I really don't mind this as long as it's two way. And it's why I hedged
round it in the Philosophy section here.
http://wiki.dataportability.org/pages/viewpage.action?pageId=1114398
IMHO, both the customer and the site owner have some ownership and
copyright on content posted on the site. If the site wants the permanent
right to do what ever it likes with it, then the customer ought really
to have the same right. Where it gets murky is content that is generated
as a result of community usage rather than direct input. And where
"your" data was generated by somebody else. To make that clearer, how
much right do I have to your profile data because you friended me?

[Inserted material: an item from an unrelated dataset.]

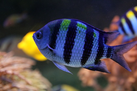 Small fish with yellow and black stripes swimming in aquarium in zoo.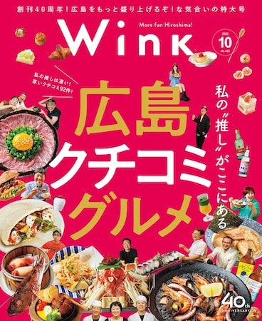 創刊40年を迎える広島県地元密着メディア「Wink」の、2025年10月号は40周年記念特大号。タウン情報誌から始まり、地域とともに歩み培ってきた媒体力が幅広い世代から支持されている。「Wink」の初めての大型主催イベント「Hopping Market by Wink」へ出かけてみては。

My overriding view though is that if data is shown publicly in HTML then
I should have the right to scrape it or collect it in machine readable
form. And normal copyright should apply where I can do what I like with
it up to the point where I republish. Then things like fair use kick in.
The catch here of course is that almost nothing in Facebook is shown
publicly in HTML. It's virtually all behind the login wall.
--
Julian Bond E&MSN: julian_bond at voidstar.com M: +44 (0)77 5907 2173
Webmaster: http://www.ecademy.com/ T: +44 (0)192 0412 433
Personal WebLog: http://www.voidstar.com/ skype:julian.bond?chat
Regional Office Use Only
This could be a great deliverable.
-Brady
DataPortability is all about "Ought to be".
- Regardless of where I post my content, I ought to retain rights to it
and be allowed to post it elsewhere.
- The site I post it to ought to have some rights too. So for instance
if they produced a book of selected bits of content posted on their site
they shouldn't have to get permission from each person in turn.
There are obvious exceptions to this. For instance where people are
being paid to write.
>On your profile data example, I think that's actually one of the
>easier ones. If you befriend me I should only have the right to view
>your profile data, or whatever profile data you've chosen to show to
>the class of "friend" I'm in, on the site you befriended me on.
Note here. Some sites (eg LinkedIn) make a benefit of allowing this. I
can download a CSV of my contacts containing their profile data. Or at
least the profile data they allow me to see. If this data is publicly
viewable, then I don't see the problem and I think this should be
encouraged. And if we're going to talk about exporting social graph data
then at the very least we need an identifier and a URL of a more
complete profile. If that more complete profile is publicly viewable,
within limits set by its owner, then I don't see the problem.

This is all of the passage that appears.